More importantly, the global recovery from the pandemic, the Fed and earnings will be key drivers for equities after the election. The only thing the market wants is to get the election out of the way – the real danger to near-term valuations would be a long period of legal disputes post-election, which may mean price action continues to chop sideways within the range set in the second half of September.

Vix futures are starting to look interesting again with the spread from Oct to Nov widening to $2 with the near month trading at $31 and November at $33, with December at $31.

Sterling up on hopes of breakthrough in Brexit talks

Brexit breakthrough? Hopes of a deal are on the up, amid reports that the EU is prepared to ditch its requirement to reach a broad agreement before drafting a text. This means they can start on the joint legal text whilst there are still a few outstanding issues that need to be resolved.

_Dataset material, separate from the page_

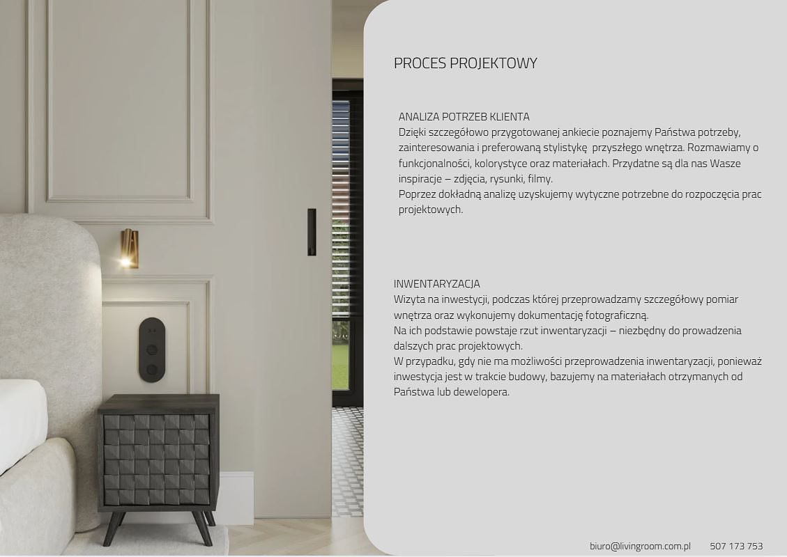 Projekt zawiera: 1. Inwentaryzacja 2. układ funkcjonalny - 2-3 opcje w zależności od potrzeb i potencjału danego pomieszczenia 3. przygotowanie fotorealistycznych wizualizacji z korektami (pracujemy do momentu pełnej akceptacji wizualizacji) 4. rysunki techniczne dla wykonawców 5. szczegółowy kosztorys zawierający każdy element wyposażenia z ceną, ilością i adresem sklepu

This has positive overtones, but the two sides still appear no closer on these critical last steps.  European Commission Vice President Maros Sefcovic said yesterday: “The UK’s positions are far apart from what the EU can accept.”

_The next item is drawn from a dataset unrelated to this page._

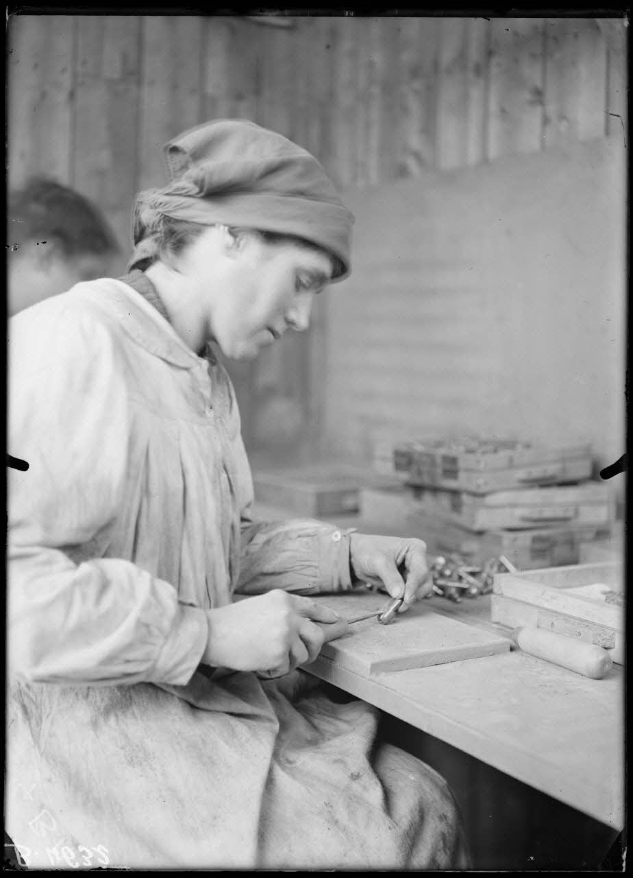 St Ouen, usine Ruggieri, artificier. Chargement et amorçage des fusées d’obus VB. Nettoyage et gommelaquage des fusées.
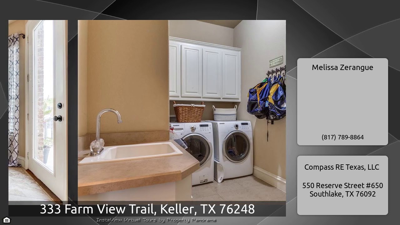 The Virtual Tour for the property at 333 Farm View Trail, Keller, TX 76248 listed for $599,000: Other homes for sale by Melissa Zerangue of Compass RE Texas, LLC: Impeccably maintained executive home set on quiet street with water views. Downstairs features soaring ceilings in foyer, French doors to home office, formal dining room and bright open concept kitchen-family room with generous cabinetry, island and built-ins. Enjoy beautiful sunsets in the backyard! Area for grill with stone bar, spa and large lap pool and grassy area overlooking the neighborhood pond and adjacent farm. Finishing …

Sterling drove to a two-week high, with GBPUSD rising to 1.29 before paring gains to sit around 1.2850 this morning.

Bank of England deputy governor warns over negative rates

But it the rally was less about Brexit than it was about comments from Dave Ramsden, the deputy governor of the Bank of England, who sounded a strong sound of caution over negative interest rates. The MPC seems to be airing its dirty laundry in public – the comments came only a day after Silvana Tenreyro pointedly backed negative rates.

Anyways it looks there is some clear ideological disputes among rate setters that needs to be worked out over the autumn, implying as Andrew Bailey suggested last week that negative rates are not likely on the near horizon, albeit they are being considered actively.

The problem for the Bank would be an unemployment crisis into Christmas that could put pressure on the MPC to act.

The dollar peeled off its recent two-month highs in the 94.60 region which is offering the near-term resistance. The pullback called for last week has been slow to emerge with a couple of retests of this level but near-term weakness is certainly becoming more evident.

Elsewhere, oil markets remain trapped in a tight range but could be heading for a pullback as global inventories start to build. API numbers later today, EIA numbers on tap Wednesday. Watch the Chinese numbers too as global inventories swing to builds.

Surging cases numbers cripple demand, whether rational or not. Contango spreads indicate softer demand and inventory builds ahead. The price action alone on WTI is a not a pretty picture for bulls.

Coming up, there is a slew of Fed speakers later today with Clarida, Quarles, Harker and Williams on the slate. Richard Clarida is probably the most important, with the Fed governor due to speak on Future Considerations for Treasury Market Resilience. Meanwhile, the Treasury market is completely dead as yields remain trapped in their tight ranges.

Chart: The S&P 500 is still trapped by the moving averages

The market rallied 1.6% on Monday and ran slap into the 50-day SMA, shy of the 21-day SMA. We have to see whether this marks the swing high and calls for another pullback.